A `Distance` of 0 means the two strings are identical, and the higher the value the more different the strings. Since in practice we are interested in finding if the two strings are "close enough", it often does not make sense to continue the calculation once the result is mathematically guaranteed to exceed a desired threshold. Providing this value to the `Distance` function allows it to take a shortcut and return a lower bound instead of an exact cost when the threshold is exceeded.

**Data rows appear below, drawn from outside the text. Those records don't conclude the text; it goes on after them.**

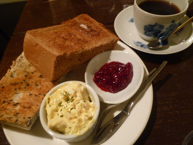 さらに「自家製ジャム」と「つぶし玉子のマヨネーズあえ」が付いてきます。 これをパンに乗せて食べてもまた美味しい♪ ジャムは、果肉がたっぷりと入っていて甘さも抑えられていてスッキリとした朝の味わい。 これを自家製で作ってるなんてすごいなと。 「つぶし玉子のマヨネーズあえ」は、朝イチのタマゴサンドとしては最高でした。 黒ゴマトーストに乗せて食べると、黒ゴマの風味と卵とマヨネーズの優しい食感がマッチして最高でした。
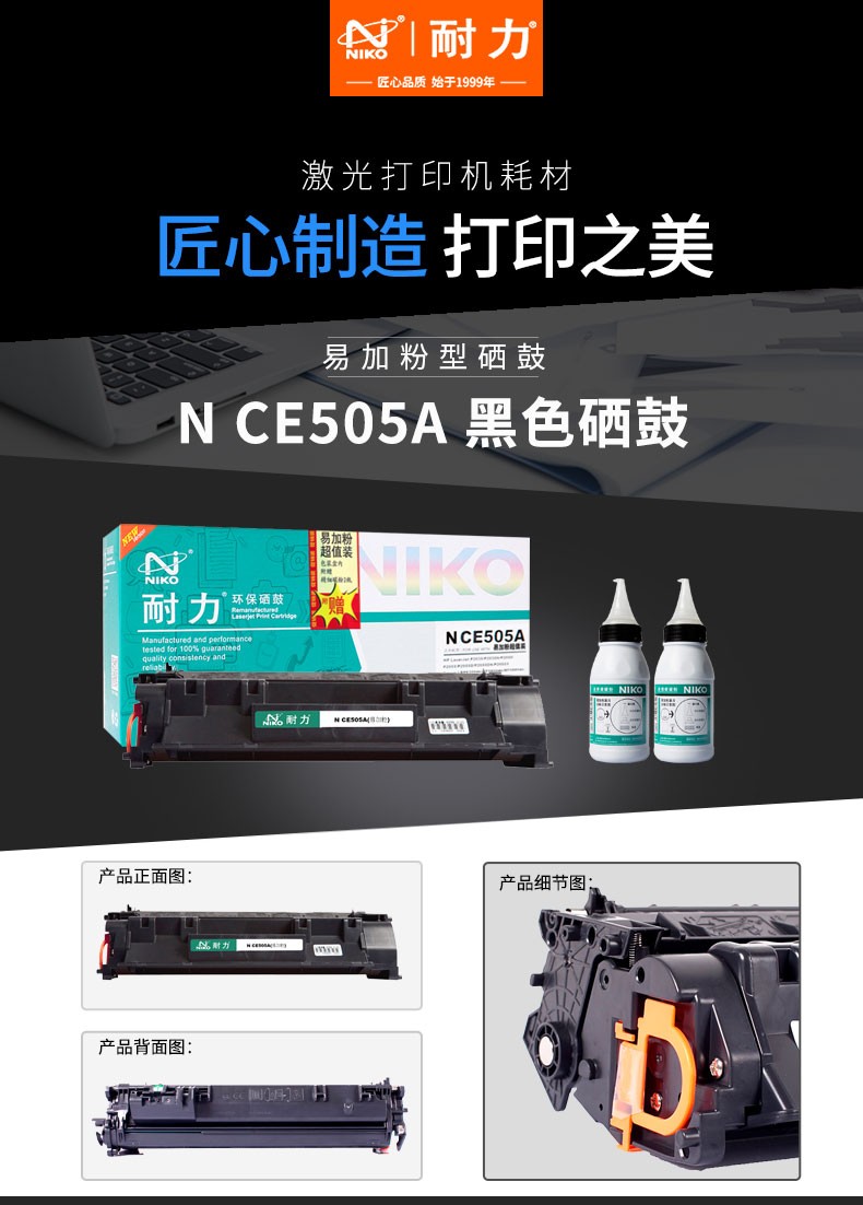 耐力(NIKO)N CE505A易加粉+2瓶墨粉 黑色硒鼓 (适用惠普 LaserJet P2035/P2055,佳能 LBP6300dn)
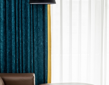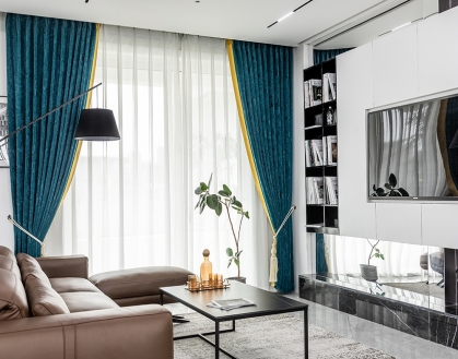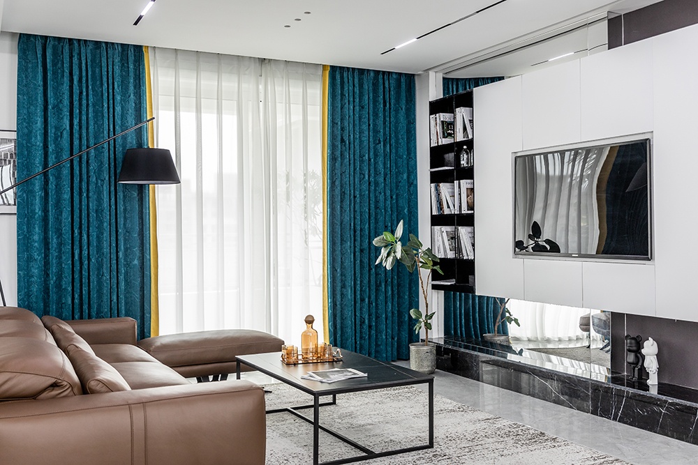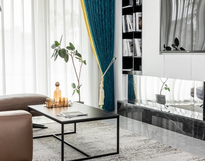 設計理念:現代簡約之風貌,藏匿在極光絢麗的光影之間,穿透空間的燦爛,交織著旭日東升的蓬勃。在孔雀藍和蜂蜜黃吟奏的節(jié)奏里愈發(fā)精神,更添置了一絲活潑,把極光收進奶油里。

The `Similarity` function calculates the distance, then converts it into a normalized metric within the range 0..1, with 1 meaning the strings are identical, and 0 that they have nothing in common. A minimum similarity threshold can be provided to speed up the calculation of the metric for strings that are far too dissimilar for the purpose at hand. All values under this threshold are rounded down to 0.
The `Match` function provides a similarity metric, with the same range and meaning as `Similarity`, but with a bonus for string pairs that share a common prefix and have a similarity above a "bonus threshold". It uses the same method as proposed by Winkler for the Jaro distance, and the reasoning behind it is that these string pairs are very likely spelling variations or errors, and they are more closely linked than the edit distance alone would suggest.
The underlying `Calculate` function is also exported, to allow the building of other derivative metrics, if needed.
## Installation
```
go get github.com/agext/levenshtein
```
## License
Package levenshtein is released under the Apache 2.0 license. See the [LICENSE](LICENSE) file for details.